Koli’s waist takes a beating as she bends down to assemble the ukhuwa rice with a korona. Her pain gets overshadowed by the whistling sound of the cough of her mother. The health of the woman is deteriorating day by day. Ailments on one hand and Koli’s advancing age on the other are the worries. She knows that her mother’s hope centering round Bogi has long vanished. But she perhaps still nurtures a hope that the fading lamp would be brightened up by somebody at the end. Her mother perhaps conjures up a dream of a son-in law at an idle moment of silence. Her days being numbered, the wish floats around that the last drop of water on her deathbed falls from the hands of her son-in-law.

Hopes also have an invisible boundary. One who hopes perhaps sees that colourless line. But he has long exceeded that boundary. Does one ever return from afar to a place which one had handed to the algae and explored one’s fortune elsewhere? The distance of the mind is the real one. Else, where is he staying beyond the known land? Provoked by his wife, he has raised his house just on the edge of their boundary. At a distance from where the sound of a drop of water is audible, does he not hear the whistling cough of his mother? Even at this age, her mother clearly hears the babble of the grandson, the laughter of the daughter in law and his voice becoming indistinct gradually.

His parents had high expectations about their house resonating with his babble that it would turn into mature talk one day, and he would snatch away the burden from his father’s shoulders bragging about his unmatched achievements. Good that his father has not survived to see all this. Did his father not toil day and night crafting japis to enable him to pass His BA? And his elder sisters turned their back at school with his future in mind. Suruj turned out, grew up bit by bit and the cloud-covered Suruj of the noon disappeared into a distant land beyond the snows leaving a veil of despair behind on the other side.

Suruj! Why was he christened so?

The names of the girls were given as per the colour of their skin—Koli and Bogi. But the name Suruj? The ash-coloured boy could have been named Koliya also!!

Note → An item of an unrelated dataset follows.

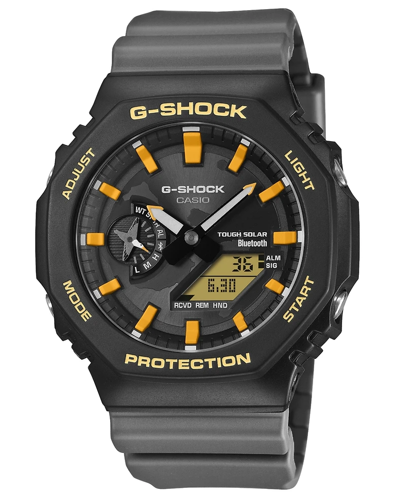 Embrace durable innovation with this G-Shock limited-edition watch, featuring Tough Solar power and Bluetooth connectivity. The black and orange resin case offers shock resistance and a bold look.

Their mother ponders over all this with the ukhuwa Solpona rice spread out in front on a peaceful afternoon. She thinks it over and over and unknowingly picks up a grain to see whether it has dried or not. They have dried up thoroughly. They have been sunned twice in the scorching heat. Not a single tree is there around the courtyard to provide any shade. It has been so since their father was alive. He liked the sun-clad courtyard. He used to be engrossed in bamboo craft in the sunshine during winter. The daughters provided him with red tea at this time while the boy went to school.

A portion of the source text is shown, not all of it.